═════ Supplied records ═════

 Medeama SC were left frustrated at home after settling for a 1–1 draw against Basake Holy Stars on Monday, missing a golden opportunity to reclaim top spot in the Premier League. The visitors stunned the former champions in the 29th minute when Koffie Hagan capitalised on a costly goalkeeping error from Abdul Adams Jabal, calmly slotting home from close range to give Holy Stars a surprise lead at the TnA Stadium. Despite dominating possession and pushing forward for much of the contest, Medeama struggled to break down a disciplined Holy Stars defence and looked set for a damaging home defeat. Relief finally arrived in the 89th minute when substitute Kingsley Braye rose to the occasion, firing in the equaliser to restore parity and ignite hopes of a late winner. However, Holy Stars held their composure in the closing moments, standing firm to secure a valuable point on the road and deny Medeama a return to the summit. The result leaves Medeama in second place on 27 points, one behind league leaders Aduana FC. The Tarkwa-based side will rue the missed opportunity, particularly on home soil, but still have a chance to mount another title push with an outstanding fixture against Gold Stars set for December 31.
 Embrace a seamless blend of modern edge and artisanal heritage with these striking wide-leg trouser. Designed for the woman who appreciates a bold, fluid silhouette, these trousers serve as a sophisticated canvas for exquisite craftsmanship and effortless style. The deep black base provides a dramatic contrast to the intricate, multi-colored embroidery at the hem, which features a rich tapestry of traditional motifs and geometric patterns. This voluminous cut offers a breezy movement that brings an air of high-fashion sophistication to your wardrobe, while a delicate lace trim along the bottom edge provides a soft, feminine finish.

═════
═════ Supplied records ═════

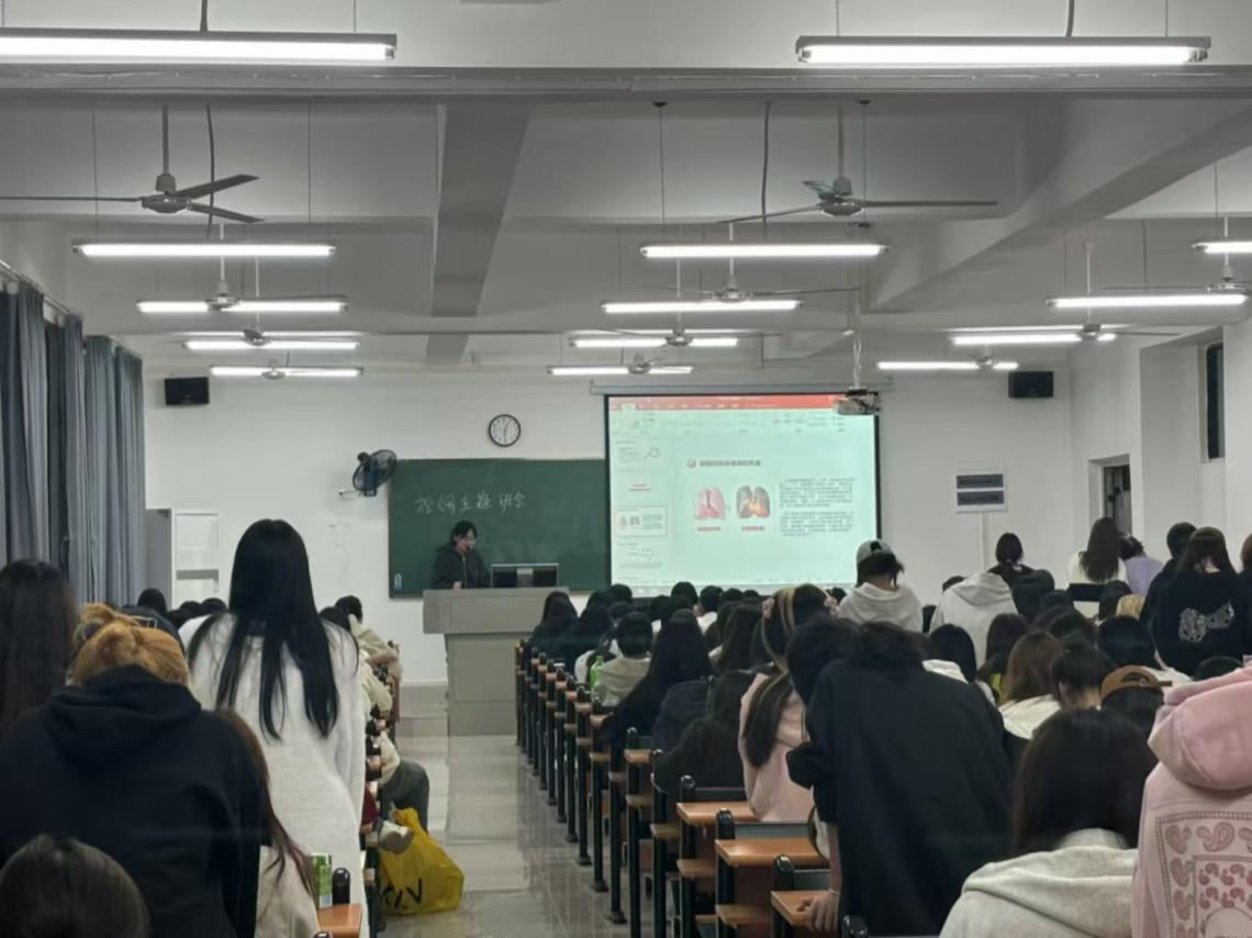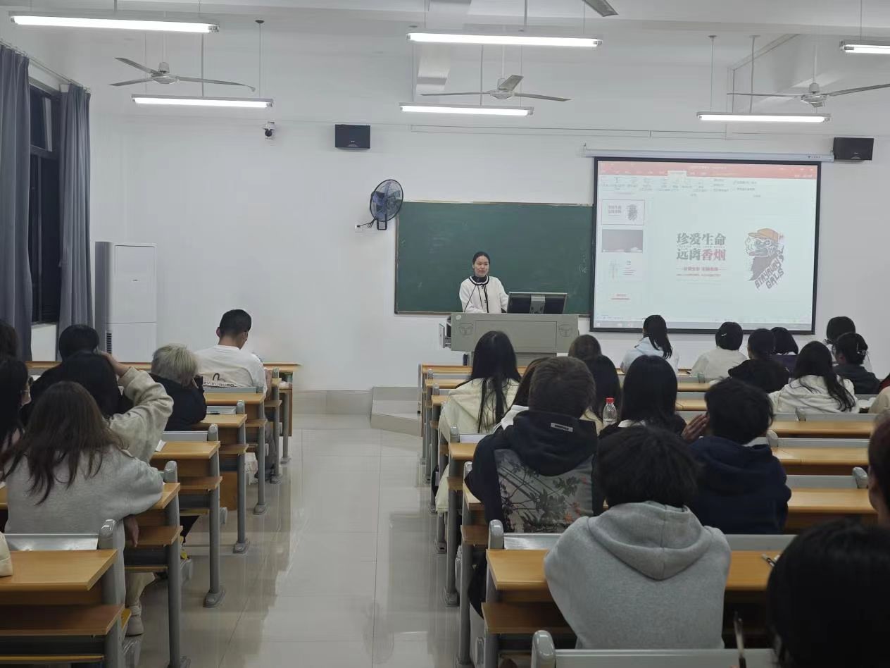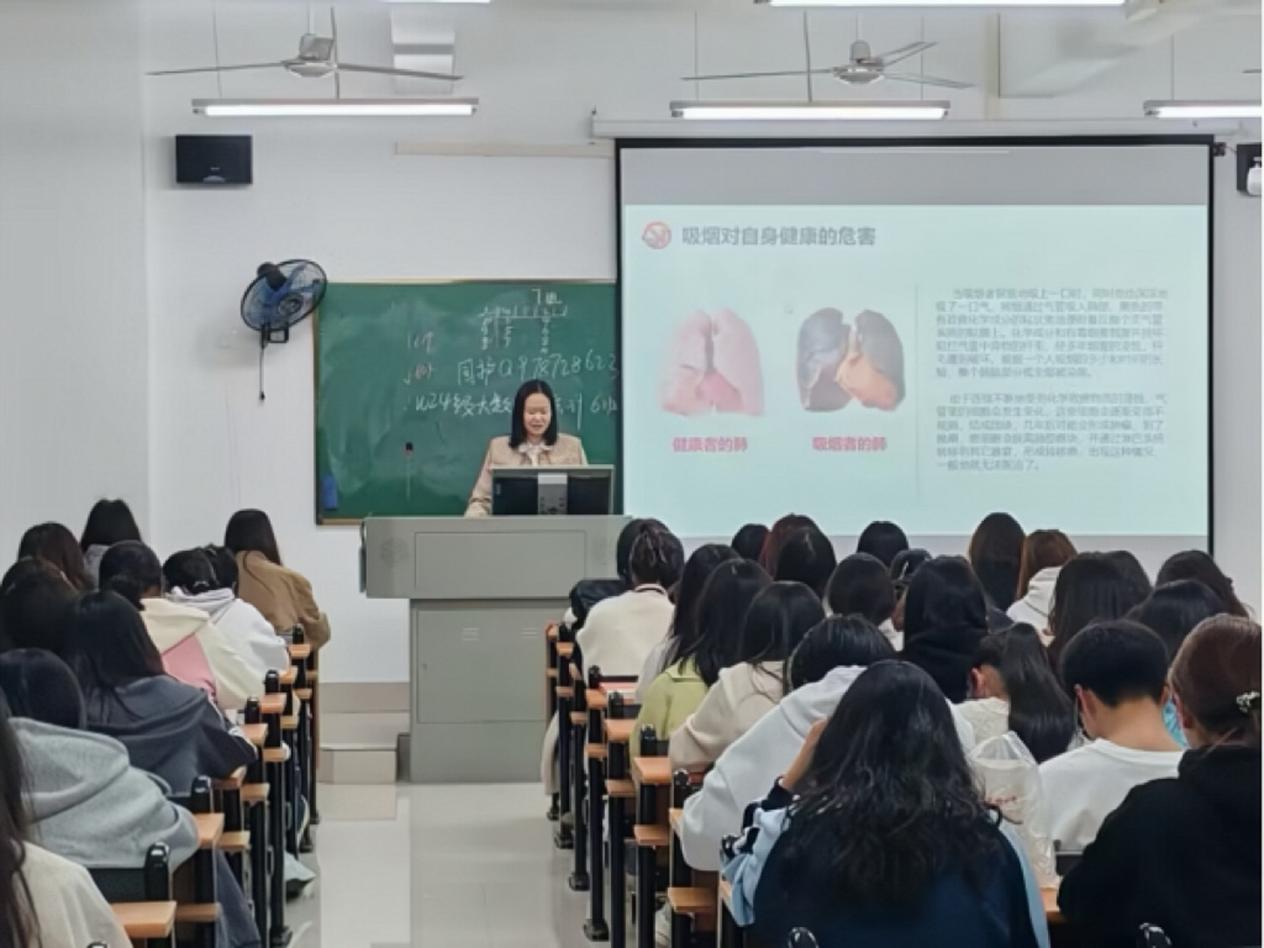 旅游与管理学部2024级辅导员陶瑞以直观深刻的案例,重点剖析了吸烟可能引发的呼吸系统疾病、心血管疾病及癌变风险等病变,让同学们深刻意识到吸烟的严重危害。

═════
═════ Supplied records ═════

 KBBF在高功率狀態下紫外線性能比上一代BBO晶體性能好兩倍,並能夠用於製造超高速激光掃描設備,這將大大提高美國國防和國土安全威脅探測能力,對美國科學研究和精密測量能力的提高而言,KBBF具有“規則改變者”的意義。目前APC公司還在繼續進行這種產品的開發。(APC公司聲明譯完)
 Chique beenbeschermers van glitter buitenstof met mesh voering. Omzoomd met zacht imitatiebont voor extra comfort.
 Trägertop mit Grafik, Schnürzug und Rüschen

═════

| Task statement |
Please output the lines of the listing above that fall in the stretch from the one with "KBBF在高功率狀態下紫外線" through the one with "Trägertop mit Grafik, Schnürzug und Rüschen", exactly and only those.

| Solved exercise |
 KBBF在高功率狀態下紫外線性能比上一代BBO晶體性能好兩倍,並能夠用於製造超高速激光掃描設備,這將大大提高美國國防和國土安全威脅探測能力,對美國科學研究和精密測量能力的提高而言,KBBF具有“規則改變者”的意義。目前APC公司還在繼續進行這種產品的開發。(APC公司聲明譯完)
 Chique beenbeschermers van glitter buitenstof met mesh voering. Omzoomd met zacht imitatiebont voor extra comfort.
 Trägertop mit Grafik, Schnürzug und Rüschen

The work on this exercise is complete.